━━━ GIVEN RECORDS ━━━

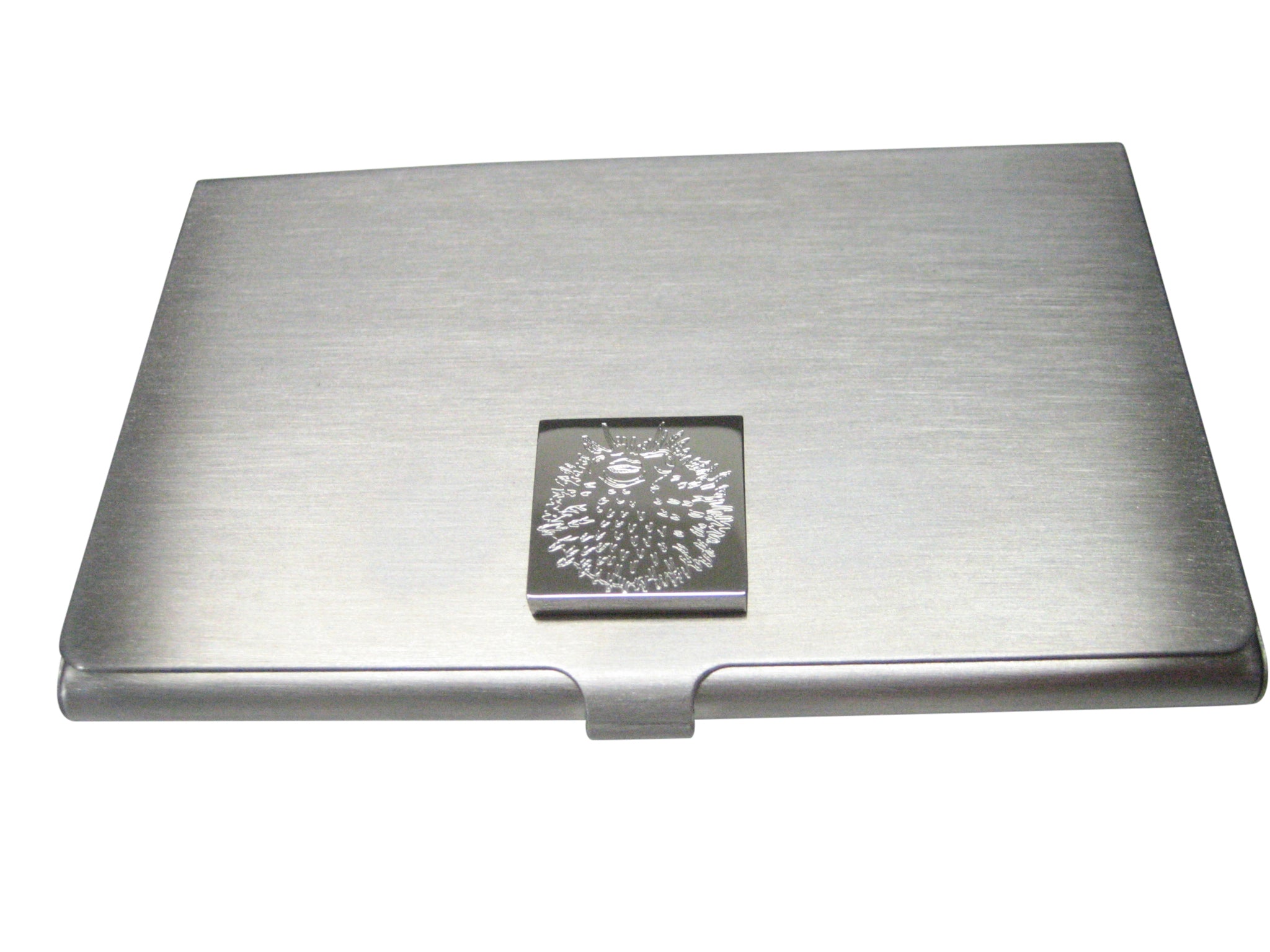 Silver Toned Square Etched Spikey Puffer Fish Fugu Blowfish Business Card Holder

━━━
━━━ GIVEN RECORDS ━━━

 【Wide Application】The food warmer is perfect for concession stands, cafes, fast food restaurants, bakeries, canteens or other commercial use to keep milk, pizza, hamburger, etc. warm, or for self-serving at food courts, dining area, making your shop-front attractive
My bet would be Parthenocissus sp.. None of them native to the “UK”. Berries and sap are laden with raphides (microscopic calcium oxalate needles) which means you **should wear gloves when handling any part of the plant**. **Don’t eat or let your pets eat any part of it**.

━━━
━━━ GIVEN RECORDS ━━━

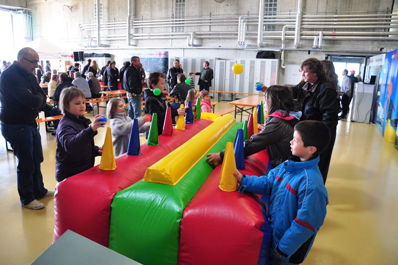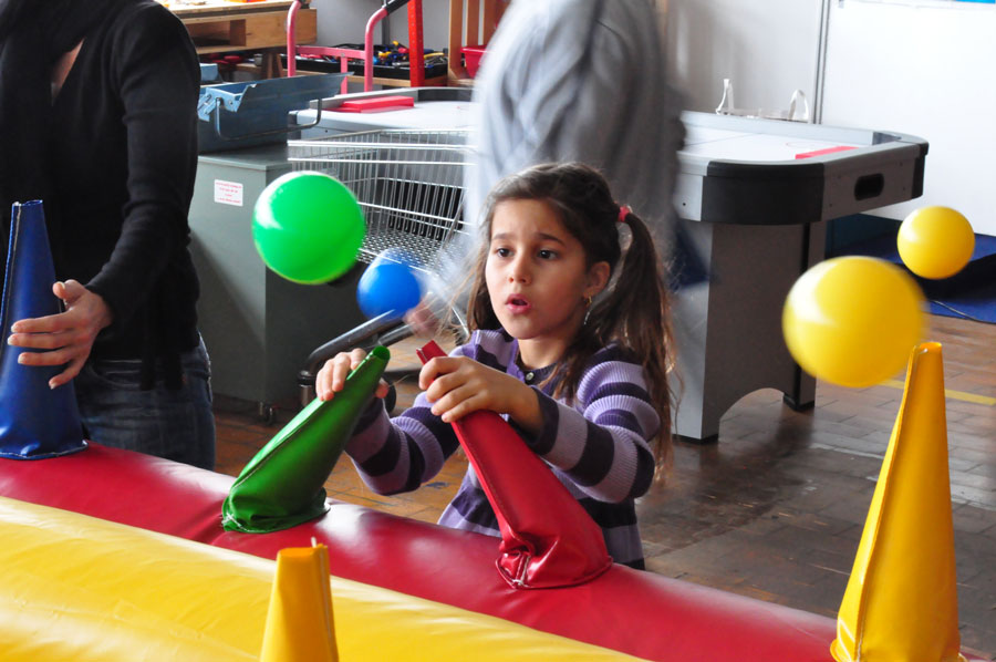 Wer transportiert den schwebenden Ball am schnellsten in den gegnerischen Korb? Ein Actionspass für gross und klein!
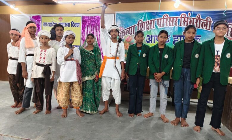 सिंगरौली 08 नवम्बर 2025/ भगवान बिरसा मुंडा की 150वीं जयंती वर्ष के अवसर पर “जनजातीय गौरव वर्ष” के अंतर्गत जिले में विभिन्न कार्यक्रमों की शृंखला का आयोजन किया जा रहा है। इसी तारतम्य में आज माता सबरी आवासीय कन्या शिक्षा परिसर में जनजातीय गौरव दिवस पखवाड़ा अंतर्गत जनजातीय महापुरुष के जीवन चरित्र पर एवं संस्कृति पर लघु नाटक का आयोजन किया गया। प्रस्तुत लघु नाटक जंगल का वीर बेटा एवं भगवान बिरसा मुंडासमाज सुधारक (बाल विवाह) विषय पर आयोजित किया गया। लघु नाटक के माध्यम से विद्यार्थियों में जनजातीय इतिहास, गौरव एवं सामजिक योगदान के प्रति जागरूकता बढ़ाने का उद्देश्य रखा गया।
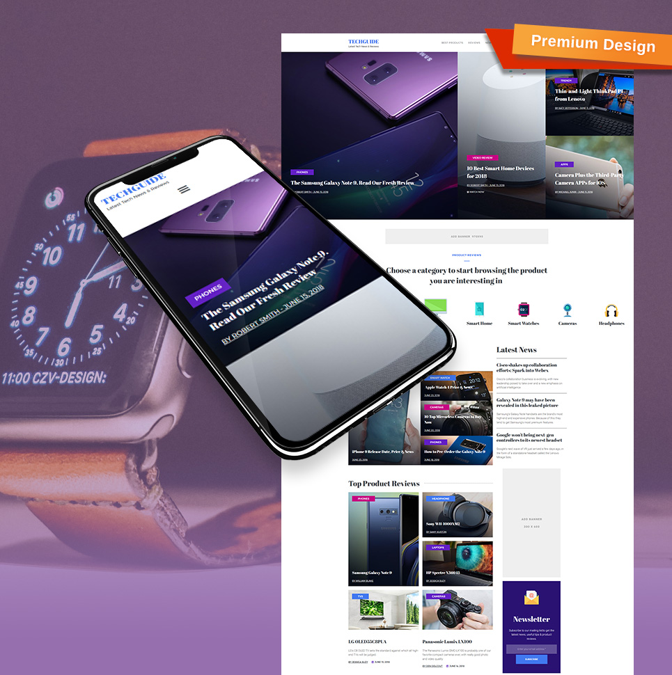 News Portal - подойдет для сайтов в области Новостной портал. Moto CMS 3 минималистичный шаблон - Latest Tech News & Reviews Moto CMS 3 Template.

━━━

- _ABOUT THIS EXERCISE_
Each line from the one that contains "Wer transportiert den" down to the one that contains "News Portal - подойдет" is to be returned exactly as it stands above, both ends included, with pictures removed.

- _REPLY_
 Wer transportiert den schwebenden Ball am schnellsten in den gegnerischen Korb? Ein Actionspass für gross und klein!
 सिंगरौली 08 नवम्बर 2025/ भगवान बिरसा मुंडा की 150वीं जयंती वर्ष के अवसर पर “जनजातीय गौरव वर्ष” के अंतर्गत जिले में विभिन्न कार्यक्रमों की शृंखला का आयोजन किया जा रहा है। इसी तारतम्य में आज माता सबरी आवासीय कन्या शिक्षा परिसर में जनजातीय गौरव दिवस पखवाड़ा अंतर्गत जनजातीय महापुरुष के जीवन चरित्र पर एवं संस्कृति पर लघु नाटक का आयोजन किया गया। प्रस्तुत लघु नाटक जंगल का वीर बेटा एवं भगवान बिरसा मुंडासमाज सुधारक (बाल विवाह) विषय पर आयोजित किया गया। लघु नाटक के माध्यम से विद्यार्थियों में जनजातीय इतिहास, गौरव एवं सामजिक योगदान के प्रति जागरूकता बढ़ाने का उद्देश्य रखा गया।
 News Portal - подойдет для сайтов в области Новостной портал. Moto CMS 3 минималистичный шаблон - Latest Tech News & Reviews Moto CMS 3 Template.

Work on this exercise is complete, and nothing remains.